山东某污水处理厂中环型和线型甲基硅氧烷的行为归趋

  • 1.

    中国矿业大学(北京) 化学与环境工程学院, 北京, 100083;

  • 2.

    中国科学院生态环境研究中心, 环境化学与生态毒理学国家重点实验室, 北京, 100085

  • 基金项目:

    国家自然科学基金(21537004,21777182,21621064,21407159)和中国科学院战略性先导科技专项(XDB14010201)资助

Occurrence and fate of cyclic and linear methylsiloxanes in a wastewater treatment plant in Shandong Province, China

  • 1.

    School of Chemical & Environmental Engineering, China University of Mining & Technology (Beijing), Beijing, 100083, China;

  • 2.

    State Key Laboratory of Environmental Chemistry and Ecotoxicology, Research Center for Eco-Environmental Sciences, Chinese Academy of Sciences, Beijing, 100085, China

  • Fund Project: Supported by the National Natural Science Foundation of China (21537004, 21777182, 21621064,21407159) and the Strategic Priority Research Program of the Chinese Academy of Sciences (XDB14010201)
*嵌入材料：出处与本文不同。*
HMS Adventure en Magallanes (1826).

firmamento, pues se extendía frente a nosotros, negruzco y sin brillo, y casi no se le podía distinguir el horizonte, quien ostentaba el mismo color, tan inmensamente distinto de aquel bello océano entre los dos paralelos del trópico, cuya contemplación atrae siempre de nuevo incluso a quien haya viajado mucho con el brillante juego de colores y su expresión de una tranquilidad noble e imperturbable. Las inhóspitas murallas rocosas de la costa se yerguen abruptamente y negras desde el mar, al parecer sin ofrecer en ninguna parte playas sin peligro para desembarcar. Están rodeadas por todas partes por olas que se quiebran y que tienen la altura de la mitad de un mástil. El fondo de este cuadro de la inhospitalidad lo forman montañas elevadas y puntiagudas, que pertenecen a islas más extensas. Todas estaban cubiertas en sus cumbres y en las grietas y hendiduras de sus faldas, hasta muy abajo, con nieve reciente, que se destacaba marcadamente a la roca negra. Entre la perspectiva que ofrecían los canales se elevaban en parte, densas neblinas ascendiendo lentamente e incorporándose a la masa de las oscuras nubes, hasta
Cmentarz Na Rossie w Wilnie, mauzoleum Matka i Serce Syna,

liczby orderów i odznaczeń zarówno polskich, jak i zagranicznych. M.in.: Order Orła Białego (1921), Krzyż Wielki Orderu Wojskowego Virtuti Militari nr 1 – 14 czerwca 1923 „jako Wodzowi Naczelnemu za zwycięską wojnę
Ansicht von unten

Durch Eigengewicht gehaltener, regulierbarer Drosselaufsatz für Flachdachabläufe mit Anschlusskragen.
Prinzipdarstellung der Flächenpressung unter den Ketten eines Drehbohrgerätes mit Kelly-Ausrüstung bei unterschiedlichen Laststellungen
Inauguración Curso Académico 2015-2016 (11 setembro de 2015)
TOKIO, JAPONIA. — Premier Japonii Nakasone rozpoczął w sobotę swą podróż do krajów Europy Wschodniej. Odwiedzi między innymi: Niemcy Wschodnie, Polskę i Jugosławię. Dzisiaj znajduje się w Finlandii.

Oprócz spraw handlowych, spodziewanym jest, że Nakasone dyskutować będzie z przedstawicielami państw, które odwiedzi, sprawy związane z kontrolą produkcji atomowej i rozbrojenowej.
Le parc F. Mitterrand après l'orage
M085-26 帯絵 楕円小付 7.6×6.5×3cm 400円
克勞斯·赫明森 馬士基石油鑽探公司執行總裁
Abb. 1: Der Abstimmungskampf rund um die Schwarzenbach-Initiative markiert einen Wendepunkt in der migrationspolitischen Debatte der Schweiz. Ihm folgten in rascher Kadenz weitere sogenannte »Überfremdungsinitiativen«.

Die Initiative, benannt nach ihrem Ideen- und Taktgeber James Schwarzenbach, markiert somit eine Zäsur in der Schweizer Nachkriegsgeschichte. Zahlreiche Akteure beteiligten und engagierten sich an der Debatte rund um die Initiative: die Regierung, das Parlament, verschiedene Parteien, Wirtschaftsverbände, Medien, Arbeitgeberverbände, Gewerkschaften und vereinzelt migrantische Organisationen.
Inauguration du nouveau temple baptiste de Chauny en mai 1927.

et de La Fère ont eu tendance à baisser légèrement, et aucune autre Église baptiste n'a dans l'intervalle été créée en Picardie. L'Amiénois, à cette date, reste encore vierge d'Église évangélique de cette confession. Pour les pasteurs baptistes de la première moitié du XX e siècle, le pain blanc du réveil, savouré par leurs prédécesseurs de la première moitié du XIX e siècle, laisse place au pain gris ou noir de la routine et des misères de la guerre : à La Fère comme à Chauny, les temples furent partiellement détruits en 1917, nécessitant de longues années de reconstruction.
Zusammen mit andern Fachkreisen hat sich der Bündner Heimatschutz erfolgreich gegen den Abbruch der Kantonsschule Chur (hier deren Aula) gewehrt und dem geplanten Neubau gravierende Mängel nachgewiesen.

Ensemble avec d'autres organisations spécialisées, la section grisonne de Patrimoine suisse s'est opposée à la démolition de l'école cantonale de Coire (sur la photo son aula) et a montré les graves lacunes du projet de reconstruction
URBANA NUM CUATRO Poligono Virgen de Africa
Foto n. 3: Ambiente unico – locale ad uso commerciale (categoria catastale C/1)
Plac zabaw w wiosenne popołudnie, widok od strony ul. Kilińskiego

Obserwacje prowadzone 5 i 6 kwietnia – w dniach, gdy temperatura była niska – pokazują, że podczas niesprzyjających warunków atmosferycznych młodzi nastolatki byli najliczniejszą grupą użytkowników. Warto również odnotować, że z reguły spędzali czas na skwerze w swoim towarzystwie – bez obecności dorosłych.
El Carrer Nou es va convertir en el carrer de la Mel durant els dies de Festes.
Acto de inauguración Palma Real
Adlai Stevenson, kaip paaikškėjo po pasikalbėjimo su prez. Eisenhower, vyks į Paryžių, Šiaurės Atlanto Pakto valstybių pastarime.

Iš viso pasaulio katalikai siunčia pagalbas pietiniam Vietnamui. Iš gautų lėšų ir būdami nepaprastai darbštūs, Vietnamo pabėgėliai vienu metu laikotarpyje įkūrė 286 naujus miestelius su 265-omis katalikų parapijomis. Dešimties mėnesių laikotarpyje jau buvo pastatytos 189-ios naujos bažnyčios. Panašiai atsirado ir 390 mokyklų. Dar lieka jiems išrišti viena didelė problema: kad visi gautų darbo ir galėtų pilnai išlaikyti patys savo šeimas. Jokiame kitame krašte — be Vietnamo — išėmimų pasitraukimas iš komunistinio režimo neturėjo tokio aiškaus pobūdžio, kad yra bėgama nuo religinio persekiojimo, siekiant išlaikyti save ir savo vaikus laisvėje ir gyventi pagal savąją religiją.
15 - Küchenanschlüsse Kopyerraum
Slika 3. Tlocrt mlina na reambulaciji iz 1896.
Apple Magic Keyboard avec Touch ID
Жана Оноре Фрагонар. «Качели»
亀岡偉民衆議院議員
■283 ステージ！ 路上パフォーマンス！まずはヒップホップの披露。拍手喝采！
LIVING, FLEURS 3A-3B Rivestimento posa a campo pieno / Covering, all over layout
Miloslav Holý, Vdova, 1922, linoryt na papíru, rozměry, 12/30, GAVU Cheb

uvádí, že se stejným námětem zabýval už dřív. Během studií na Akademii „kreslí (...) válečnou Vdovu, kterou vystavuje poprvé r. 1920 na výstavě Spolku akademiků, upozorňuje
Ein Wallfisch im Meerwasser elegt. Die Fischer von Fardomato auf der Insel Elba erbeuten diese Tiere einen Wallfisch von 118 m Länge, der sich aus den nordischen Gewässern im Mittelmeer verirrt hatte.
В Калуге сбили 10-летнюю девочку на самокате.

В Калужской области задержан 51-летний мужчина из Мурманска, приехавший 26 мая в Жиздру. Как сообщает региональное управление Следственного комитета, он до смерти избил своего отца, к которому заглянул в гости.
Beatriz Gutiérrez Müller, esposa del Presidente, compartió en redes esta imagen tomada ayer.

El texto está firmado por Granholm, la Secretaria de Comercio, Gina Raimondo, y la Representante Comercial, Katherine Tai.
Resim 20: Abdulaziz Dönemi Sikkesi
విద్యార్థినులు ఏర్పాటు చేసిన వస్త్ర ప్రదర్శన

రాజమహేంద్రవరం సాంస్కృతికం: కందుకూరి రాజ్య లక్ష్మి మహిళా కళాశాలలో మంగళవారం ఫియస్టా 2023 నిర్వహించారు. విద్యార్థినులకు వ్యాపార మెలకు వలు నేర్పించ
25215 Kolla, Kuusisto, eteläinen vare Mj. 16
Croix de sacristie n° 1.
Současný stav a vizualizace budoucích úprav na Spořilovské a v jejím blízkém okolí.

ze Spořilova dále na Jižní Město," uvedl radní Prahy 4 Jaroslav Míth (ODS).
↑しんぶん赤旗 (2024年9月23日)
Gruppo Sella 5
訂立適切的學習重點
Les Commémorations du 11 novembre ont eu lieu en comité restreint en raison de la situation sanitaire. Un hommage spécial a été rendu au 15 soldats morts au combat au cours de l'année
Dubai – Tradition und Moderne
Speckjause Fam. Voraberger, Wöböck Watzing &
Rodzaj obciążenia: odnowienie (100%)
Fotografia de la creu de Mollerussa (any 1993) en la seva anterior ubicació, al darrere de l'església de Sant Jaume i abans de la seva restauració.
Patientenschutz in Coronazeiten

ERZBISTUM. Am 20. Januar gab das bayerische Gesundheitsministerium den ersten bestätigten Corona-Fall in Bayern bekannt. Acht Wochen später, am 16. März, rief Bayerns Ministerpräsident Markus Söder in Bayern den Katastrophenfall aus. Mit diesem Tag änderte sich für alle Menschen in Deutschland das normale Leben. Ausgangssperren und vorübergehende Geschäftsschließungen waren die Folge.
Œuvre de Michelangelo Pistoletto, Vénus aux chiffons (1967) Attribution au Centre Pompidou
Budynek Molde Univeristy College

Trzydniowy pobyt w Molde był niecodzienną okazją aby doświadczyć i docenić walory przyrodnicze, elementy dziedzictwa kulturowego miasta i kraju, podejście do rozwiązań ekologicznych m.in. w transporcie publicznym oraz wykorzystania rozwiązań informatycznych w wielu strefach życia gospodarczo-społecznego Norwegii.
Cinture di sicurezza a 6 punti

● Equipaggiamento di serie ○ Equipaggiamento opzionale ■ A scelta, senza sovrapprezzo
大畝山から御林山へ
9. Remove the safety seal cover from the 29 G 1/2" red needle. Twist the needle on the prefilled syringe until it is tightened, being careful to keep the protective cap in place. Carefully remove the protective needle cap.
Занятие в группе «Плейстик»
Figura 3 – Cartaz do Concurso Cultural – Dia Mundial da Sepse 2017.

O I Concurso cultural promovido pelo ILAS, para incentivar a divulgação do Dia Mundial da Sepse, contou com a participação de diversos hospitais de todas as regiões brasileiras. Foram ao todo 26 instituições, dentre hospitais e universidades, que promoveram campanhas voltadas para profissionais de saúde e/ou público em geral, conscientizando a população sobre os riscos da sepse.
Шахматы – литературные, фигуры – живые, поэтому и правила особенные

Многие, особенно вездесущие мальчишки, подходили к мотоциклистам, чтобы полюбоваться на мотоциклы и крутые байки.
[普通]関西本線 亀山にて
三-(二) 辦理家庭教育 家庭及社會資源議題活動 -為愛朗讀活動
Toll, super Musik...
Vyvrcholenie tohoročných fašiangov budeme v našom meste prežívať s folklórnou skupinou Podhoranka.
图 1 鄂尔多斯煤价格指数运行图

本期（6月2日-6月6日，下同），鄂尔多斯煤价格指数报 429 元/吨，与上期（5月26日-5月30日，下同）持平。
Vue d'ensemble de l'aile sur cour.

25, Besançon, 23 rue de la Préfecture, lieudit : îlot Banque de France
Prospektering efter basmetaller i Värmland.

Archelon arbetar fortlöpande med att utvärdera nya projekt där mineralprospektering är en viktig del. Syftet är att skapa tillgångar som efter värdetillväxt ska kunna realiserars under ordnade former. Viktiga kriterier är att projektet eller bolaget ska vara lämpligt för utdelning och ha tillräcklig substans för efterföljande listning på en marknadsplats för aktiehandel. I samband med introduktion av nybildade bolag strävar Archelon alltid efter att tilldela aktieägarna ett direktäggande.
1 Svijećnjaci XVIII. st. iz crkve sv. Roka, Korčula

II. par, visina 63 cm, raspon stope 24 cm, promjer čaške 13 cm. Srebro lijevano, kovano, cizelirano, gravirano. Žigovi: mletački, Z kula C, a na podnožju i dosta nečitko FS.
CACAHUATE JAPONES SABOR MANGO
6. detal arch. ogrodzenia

  • 摘要: 本文研究了山东某污水处理厂污水及污泥中3种环型甲基硅氧烷(D4—D6,CMS)和12种线型甲基硅氧烷(L5—L16,LMS)的行为归趋.进水中总甲基硅氧烷(∑MS)的浓度为15.7—65.7 μg·L-1(平均值:39.2 μg·L-1),其中∑LMS占比为98.2%.进水中∑MS浓度夏季最高(65.7 μg·L-1),其次分别是秋季(41.7 μg·L-1)、冬季(33.7 μg·L-1)和春季(15.7 μg·L-1).出水中∑MS浓度为6.24—14.3 μg·L-1(平均值:10.6 μg·L-1),平均去除率为73.0%.污泥中∑MS的浓度为14.1—48.4 μg·g-1(平均值:20.3 μg·g-1),D4—D6的泥水分配系数(lg Kd)为3.84—4.44,L6—L16的lg Kd为2.24—4.30.此外,通过计算甲基硅氧烷的危险商数(hazard quotients,HQ)评估了其对水生生物的危害,发现污水处理厂出水中目标化合物的潜在危害较低.
    Abstract: Occurrence and fate of three cyclic (D4-D6,CMS) and twelve linear (L5-L16,LMS) methylsiloxanes in the wastewater and sludge collected from a wastewater treatment plant (WWTP) in Shandong Province were studied. The concentrations of total methylsiloxanes(∑MS) in the influent were 15.7-65.7 μg·L-1 (Mean:39.2 μg·L-1), and ∑LMS were the predominant(98.2%). Influent samples collected during the summer contained the highest ∑MS concentrations(65.7 μg·L-1), followed by autumn(41.7 μg·L-1), winter(33.7 μg·L-1) and spring(15.7 μg·L-1). ∑MS concentrations in the effluent were 6.24-14.3 μg·L-1(Mean:10.6 μg·L-1), with 73.0% average removal efficiency. The ∑MS concentrations in the sludge ranged from 14.1 to 48.4 μg·g-1(Mean:20.3 μg·g-1). The logarithm values of solid-liquid distribution coefficients of D4-D6 and L6-L16 were 3.84-4.44 and 2.24-4.30, respectively. In addition, the hazard quotients(HQ) of siloxanes were used to evaluate their ecological risk to aquatic organisms, results suggested that the target compounds in the effluent would pose little potential adverse ecological risk.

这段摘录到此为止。